*What the task requires*
Could you restate, exactly and with nothing added, the lines from the start of the data through the line that holds "Akash Network HomepageAkash", leaving the pictures out?
Top of Given material
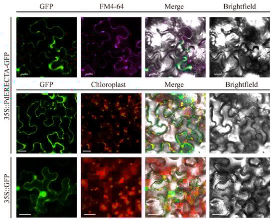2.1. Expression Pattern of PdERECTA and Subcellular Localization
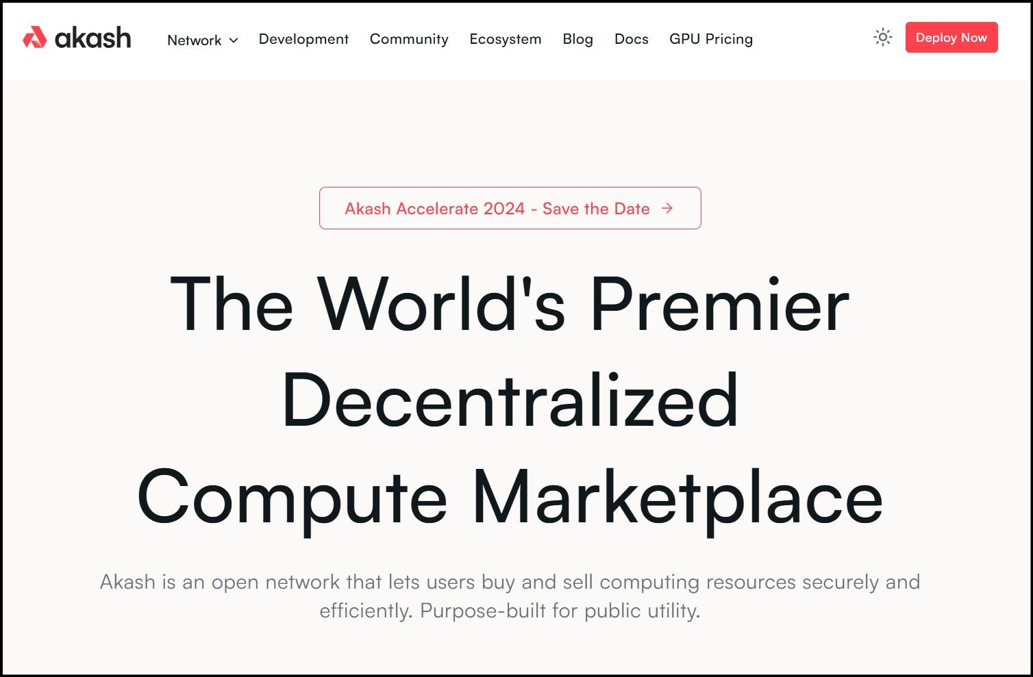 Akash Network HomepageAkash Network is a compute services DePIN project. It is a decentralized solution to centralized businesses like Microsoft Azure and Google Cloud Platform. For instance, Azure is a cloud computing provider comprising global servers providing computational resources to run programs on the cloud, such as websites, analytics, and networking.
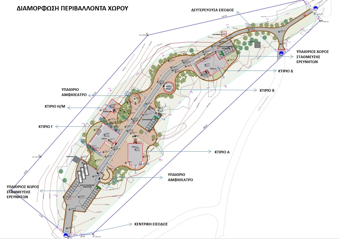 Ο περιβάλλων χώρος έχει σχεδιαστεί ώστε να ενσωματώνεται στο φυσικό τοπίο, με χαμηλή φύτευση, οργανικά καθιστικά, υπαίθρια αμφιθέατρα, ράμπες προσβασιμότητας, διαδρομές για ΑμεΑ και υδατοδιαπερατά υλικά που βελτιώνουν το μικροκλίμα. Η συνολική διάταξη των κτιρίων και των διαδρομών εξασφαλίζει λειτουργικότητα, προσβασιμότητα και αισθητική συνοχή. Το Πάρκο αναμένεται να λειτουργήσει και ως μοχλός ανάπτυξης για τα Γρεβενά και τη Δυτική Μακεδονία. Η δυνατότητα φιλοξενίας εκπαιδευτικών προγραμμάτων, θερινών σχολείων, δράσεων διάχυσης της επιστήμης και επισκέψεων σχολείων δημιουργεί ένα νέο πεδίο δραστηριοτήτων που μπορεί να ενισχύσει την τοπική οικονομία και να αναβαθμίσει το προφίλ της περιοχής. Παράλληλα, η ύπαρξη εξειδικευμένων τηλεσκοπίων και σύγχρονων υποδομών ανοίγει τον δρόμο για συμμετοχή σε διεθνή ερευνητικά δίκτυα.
Bottom of Given material
*Reply*
2.1. Expression Pattern of PdERECTA and Subcellular Localization
 Akash Network HomepageAkash Network is a compute services DePIN project. It is a decentralized solution to centralized businesses like Microsoft Azure and Google Cloud Platform. For instance, Azure is a cloud computing provider comprising global servers providing computational resources to run programs on the cloud, such as websites, analytics, and networking.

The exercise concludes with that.